BBB members know what’s expected
Sun., Jan. 23, 2005
From time to time in this column I mention the names of companies whose memberships in the BBB have been revoked. Last year, the board of directors expelled 15 member companies, which set a record. Who were the 15? Why so many? And what does it take to warrant a BBB revocation?
When a company applies for BBB membership, we check credit and licensing to make sure we’re dealing with someone who does business the right way. The company has to have a clear record with us — meaning if there have been complaints they’ve been resolved — or we won’t accept an application. If customers see the BBB “torch” logo when they walk into a store or shop online, they know they’re dealing with a company that’s proud to stand behind its services, endorses the BBB code of ethics, and has pledged to handle complaints at a high level.

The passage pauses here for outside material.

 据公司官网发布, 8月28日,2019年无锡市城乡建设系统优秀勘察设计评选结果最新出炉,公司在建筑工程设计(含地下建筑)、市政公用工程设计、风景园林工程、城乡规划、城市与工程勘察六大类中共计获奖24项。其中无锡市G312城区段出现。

Problem is, sometimes when tested, a company decides that playing fair is too difficult, and revocation results.
Of the 15 revocations last year, 10 companies are based in the Spokane-Coeur d’Alene area:
National Marketing Solution faced action by the Washington Attorney General’s office related to its marketplace conduct. That government action against the company was severe enough to violate BBB standards.
URL Motorsports of Hayden, ID, and Mr. House Painter of Spokane each chose not resolve a customer complaint. In the BBB’s process, if normal conciliation fails we move to arbitration or mediation for resolution. These firms declined to follow through on their agreement with the BBB to resolve complaints.

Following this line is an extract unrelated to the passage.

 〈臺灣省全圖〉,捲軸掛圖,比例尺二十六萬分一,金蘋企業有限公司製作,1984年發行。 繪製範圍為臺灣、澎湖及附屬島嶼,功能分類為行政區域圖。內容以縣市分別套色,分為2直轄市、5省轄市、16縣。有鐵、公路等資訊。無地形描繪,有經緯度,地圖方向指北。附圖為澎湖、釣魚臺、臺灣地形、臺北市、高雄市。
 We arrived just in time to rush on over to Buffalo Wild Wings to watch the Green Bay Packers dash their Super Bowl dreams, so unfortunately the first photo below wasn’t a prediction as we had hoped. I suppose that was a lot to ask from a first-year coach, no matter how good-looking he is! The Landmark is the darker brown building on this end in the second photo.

Professional Crane Inspection of Liberty Lake did enter into mediation with the other business involved, but not in the spirit of resolution. In some cases, parties come into mediation with absolutely no intent to resolve, or the company sends a representative who doesn’t have decision-making power. Those tactics defeat the purpose of resolution.
Metropolitan Mortgage & Securities, the bankrupt investment company that’s currently the subject of multiple investigations, was revoked for obvious reasons. One BBB standard is “refraining from activities that reflect poorly on the BBB or the other members.”
Washington Mutual was an interesting case. TheLocalBBB had no problem with the local operations of the Seattle-based bank, but its mortgage division, based in California, and its corporate headquarters both have been subjects of unfavorable reports. BBB operating standards dictate we must revoke local memberships when a company’s headquarters has an unsatisfactory report. The logic behind this policy is that operating standards are (or should be) set and enforced from the top.
Spokane’s Max Theater, also known as maxtheater.com, failed to alter confusing advertising on its Web site. The BBB attempted to work with the company to clarify those claims, but the company failed to cooperate. Look for more focus on advertising review from TheLocalBBB in 2005.
Responding to our calls and letters about complaints is pretty basic, but three companies chose not to uphold this most basic of membership standards: G & D Haaheim, also known as As Seen On TV, of Dalton Gardens; Affordable Auto Sales, of Spokane; and North American Coatings, of St. Maries, Idaho.
We are in the resolution and information business. Buyers seek out our reliability reports in ever-increasing numbers. The majority of the complaints we handle are against businesses that are not BBB members, but inquiries are fair game for everyone. This is the main reason why we strive to make sure our reports honestly reflect the facts, including government actions, revocations and in some cases, lack of licensing.
TheLocalBBB’s board of directors and members are committed to making sure that the BBB standards are meaningful.
A company is offered ample opportunity to avoid revocation, and can appeal the decision to the board’s standards committee if they choose to do so. The BBB’s board is composed of business leaders and owners from North Idaho and Eastern Washington. BBB staff doesn’t make those decisions.
We’re an odd duck: while our major support is membership dollars, if a company doesn’t measure up, we won’t take the dollars in the first place. And if a member chooses to violate BBB standards, even after it has paid its dues, we reserve the right to revoke those memberships and publicize them.
Bottom line? If a company accepts BBB membership, it knows what’s expected.